++++ Data for analysis ++++
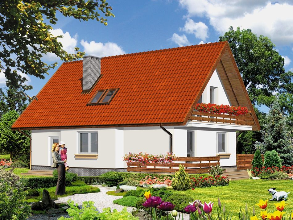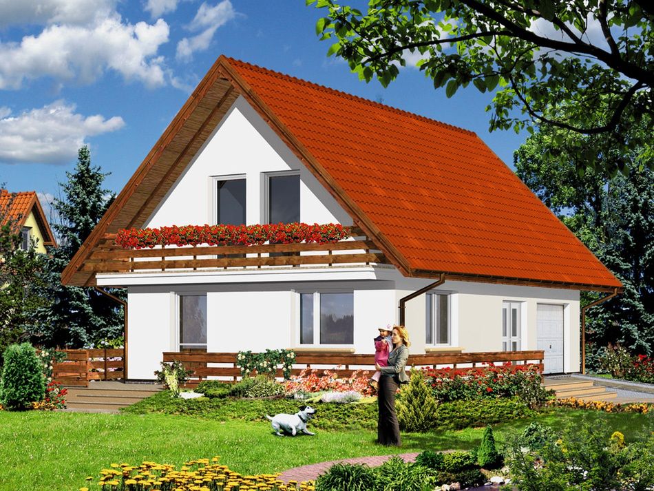 Graficzne opracowanie rzutów poglądowych widocznych na karcie projektu zostało wykonane przez Extradom.pl. Prezentowane przez Extradom.pl wizualizacje wykonane zostały przez autora projektu i należy poczytywać je jedynie za przykład i propozycję wykończenia, wizję architektoniczną autora projektu. Ostateczne wykończenie budynku może nastąpić na wiele sposobów. Szczegółowe rozwiązania zastosowane w oferowanej dokumentacji - w tym również ilość, lokalizacje i wygląd okien, drzwi, kominów - mogą w niewielkim stopniu różnić się od prezentowanej wizualizacji budynku.
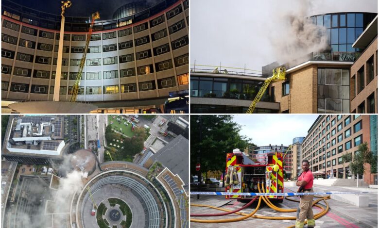 Oheň White City: 100 hasičů bitvy „Komplexní oheň“, když Blaze trhá přes bývalé velitelství BBC v západním Londýně
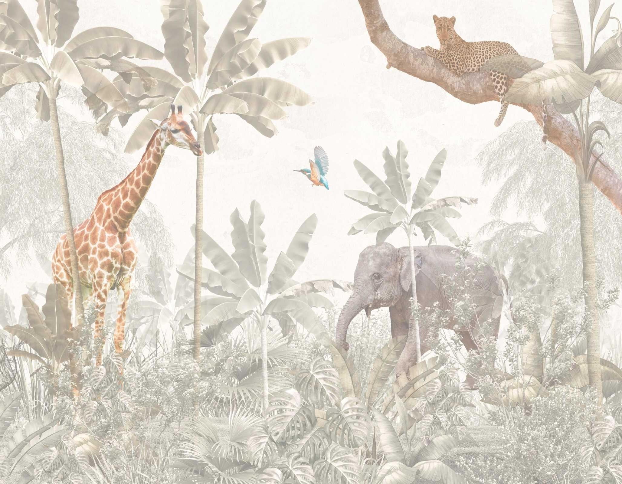Papier Peint Mural Safari | Scène de Jungle Beige Rêveuse
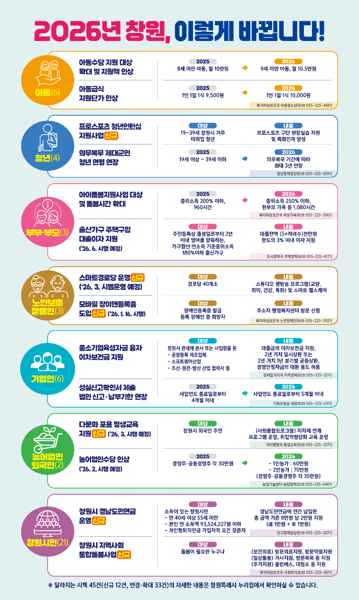 시민 정책체감도 높인다…창원시 '2026년 달라지는 시책' 발간 창원특례시가 2026년부터 새롭게 시행되거나 확대·변경되는 주요 시책을 한눈에 볼 수 있도록 정리한 '2026년 달라지는 시책' 책자와 전자책(e-book)을 발간했다. 2026.01.11 20:08
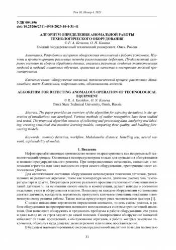 Дьяконов, А. Г. Выявление аномалий в работе механизмов методами машинного обучения // Аналитика и управление данными в областях с интенсивным использованием данных: сб. науч. тр. XIX Междунар. конф., 10-13 окт. 2017 г. / Федер. исслед. центр “Информатика и управление” РАН. Москва, 2017. С. 469-476. EDN: OUGRUW
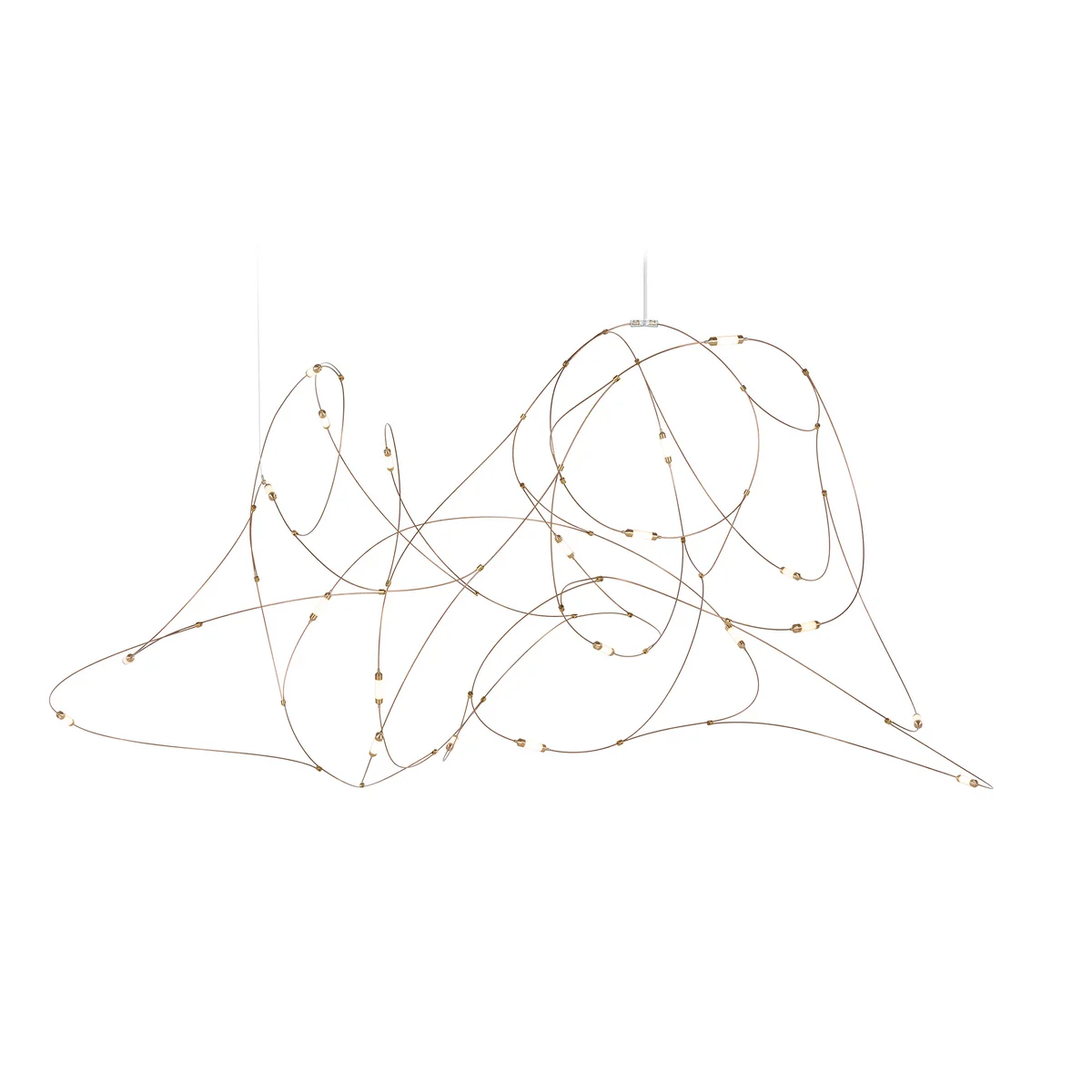 De lamp is verkrijgbaar in drie maten - 11, 21 en 31 - voor elke kamergrootte of tafelopstelling. Filigraan bronzen draden leiden naar koperen kopjes die de semi-transparante diffusors vasthouden en een warm, sfeervol licht creëren.
++++
■ Work to complete: Skip the pictures and reproduce all remaining entries exactly.

■ Answer to the problem:
 Graficzne opracowanie rzutów poglądowych widocznych na karcie projektu zostało wykonane przez Extradom.pl. Prezentowane przez Extradom.pl wizualizacje wykonane zostały przez autora projektu i należy poczytywać je jedynie za przykład i propozycję wykończenia, wizję architektoniczną autora projektu. Ostateczne wykończenie budynku może nastąpić na wiele sposobów. Szczegółowe rozwiązania zastosowane w oferowanej dokumentacji - w tym również ilość, lokalizacje i wygląd okien, drzwi, kominów - mogą w niewielkim stopniu różnić się od prezentowanej wizualizacji budynku.
 Oheň White City: 100 hasičů bitvy „Komplexní oheň“, když Blaze trhá přes bývalé velitelství BBC v západním Londýně
Papier Peint Mural Safari | Scène de Jungle Beige Rêveuse
 시민 정책체감도 높인다…창원시 '2026년 달라지는 시책' 발간 창원특례시가 2026년부터 새롭게 시행되거나 확대·변경되는 주요 시책을 한눈에 볼 수 있도록 정리한 '2026년 달라지는 시책' 책자와 전자책(e-book)을 발간했다. 2026.01.11 20:08
 Дьяконов, А. Г. Выявление аномалий в работе механизмов методами машинного обучения // Аналитика и управление данными в областях с интенсивным использованием данных: сб. науч. тр. XIX Междунар. конф., 10-13 окт. 2017 г. / Федер. исслед. центр “Информатика и управление” РАН. Москва, 2017. С. 469-476. EDN: OUGRUW
 De lamp is verkrijgbaar in drie maten - 11, 21 en 31 - voor elke kamergrootte of tafelopstelling. Filigraan bronzen draden leiden naar koperen kopjes die de semi-transparante diffusors vasthouden en een warm, sfeervol licht creëren.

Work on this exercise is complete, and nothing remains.